Calculate the binomial coefficient

Calculate \( \binom{7}{2} \): \[ \binom{7}{2} = \frac{7!}{2!(7-2)!} = \frac{7 \times 6}{2 \times 1} = 21 \].

Simplify the term

Now simplify the term: \[ T_{3} = 21 x^5 (-3)^2 = 21 x^5 (9) = 189 x^5 \].

Key concepts

Binomial Coefficient

In the Binomial Theorem, the binomial coefficient is a crucial component that determines how each term in the expansion is weighted. The binomial coefficient is denoted as \( \binom{n}{k} \) and can be calculated using the formula:

\[ \binom{n}{k} = \frac{n!}{k!(n-k)!} \]
Here, \( n \) is the exponent of the binomial expression, and \( k \) represents the specific term position we are interested in.

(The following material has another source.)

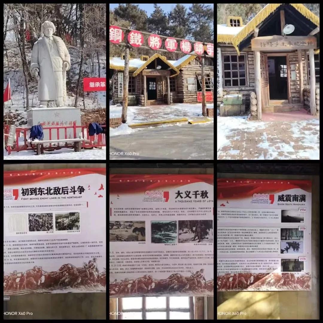 左边小山上,东北抗联文化展示馆和钢铁将军杨靖宇生平纪念馆则是将抗联和杨靖宇将军的战斗经历充分展示,让我们体会到在当时艰苦环境下,抗联在抗战中表现出来的巨大意志和伟大精神。杨靖宇将军塑像静静的站立,欣慰地看到祖国繁荣、民族复兴。我们忍不住向从儿时就无比敬仰的抗日英雄鞠躬敬礼。

It is often read as 'n choose k' and is derived from combinatorics, reflecting how many different ways you can choose \( k \) elements from a set of \( n \) elements without regard to the order of selection.

General Term

In any binomial expansion, the general term helps you find a specific term in the expanded form of \( (a + b)^n \). This general term is given by:

\[ T_{k+1} = \binom{n}{k} a^{n-k} b^k \]
The general term formula incorporates:

• \( \binom{n}{k} \) - the binomial coefficient
• \( a^{n-k} \) - the variable 'a' raised to the power \( n - k \)
• \( b^k \) - the variable 'b' raised to the power 'k'

For the given expression \( (x - 3)^7 \), we identified \( a = x \) and \( b = -3 \). To find a particular term, substitute the values of \( n \) and \( k \) into the general term formula.

Exponentiation

Exponentiation is the operation used to raise a number to a power. In the context of the Binomial Theorem, exponentiation is applied to both variables and constants in the binomial expansion:

• In each term, \( a \) is raised to the power of \( n-k \)
• \( b \) is raised to the power of \( k \)

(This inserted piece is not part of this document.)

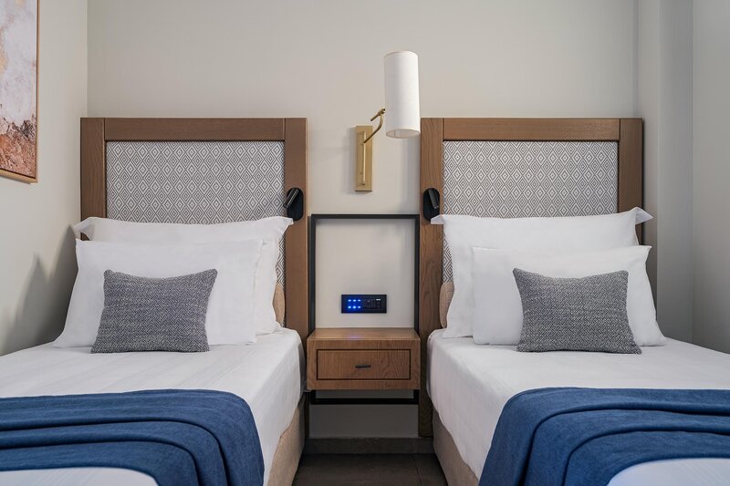 Dvojlôžková izba Deluxe (DDM, cca 25 m²), klimatizácia, chladnička, kávovar/čajník, Wi-Fi, TV, telefón, trezor. Kúpeľňa/sprcha, WC, fén. Balkón/terasa. Výhľad na more. Max. 2 dospelí.

For example, in the 3rd term of \( (x-3)^7 \), you need to find the exponentiated variables:\
\( x^{7-2} = x^5 \)
\( (-3)^{2} = 9 \)
When you combine these results, you get the simplified term.

Combinatorics

Combinatorics is a branch of mathematics dealing with counting, selection, and arrangement of objects. In the Binomial Theorem, combinatorics arises in the calculation of binomial coefficients. The binomial coefficient \( \binom{n}{k} \) uses factorials to count the number of ways to choose \( k \) elements from a set of \( n \) elements.

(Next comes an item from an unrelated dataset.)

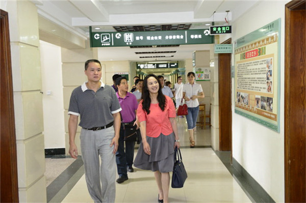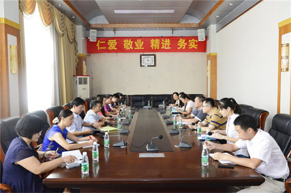 2015年7月9日下午,右江民族医学院党委副书记邓砚、党办副主任梁旭明、右江民族医学院附院副院长黄照河、医学影像学院副院长陆玉敏等一行8人前来一附院检查该校实习生的实习情况,一附院副院长钟远鸣、一附院教学部主任黄彬及放射科、护理部、检验科等职能部门领导热情接待了右江民族医学院党委副书记邓砚一行。

Understanding combinatorics helps in grasping how each term is derived in a binomial expansion. It provides the foundational rules for how terms are combined and ordered to form the complete expansion.

Polynomial Expansion

Polynomial expansion refers to expressing a binomial \( (a + b)^n \) as a sum of multiple terms involving powers of \( a \) and \( b \). The Binomial Theorem gives a systematic way to perform this expansion:

\[ (a + b)^n = \binom{n}{0} a^n b^0 + \binom{n}{1} a^{n-1} b^1 + \binom{n}{2} a^{n-2} b^2 + \text{...} + \binom{n}{n} a^0 b^n \]
Each term combines:

• A binomial coefficient \( \binom{n}{k} \)
• The variable \( a \) raised to \( n-k \)
• Variable \( b \) raised to \( k \)

For example, the full expansion of \( (x - 3)^7 \) is a series of terms involving different powers of \( x \) and \( -3 \). Each term can be individually calculated using the general term formula.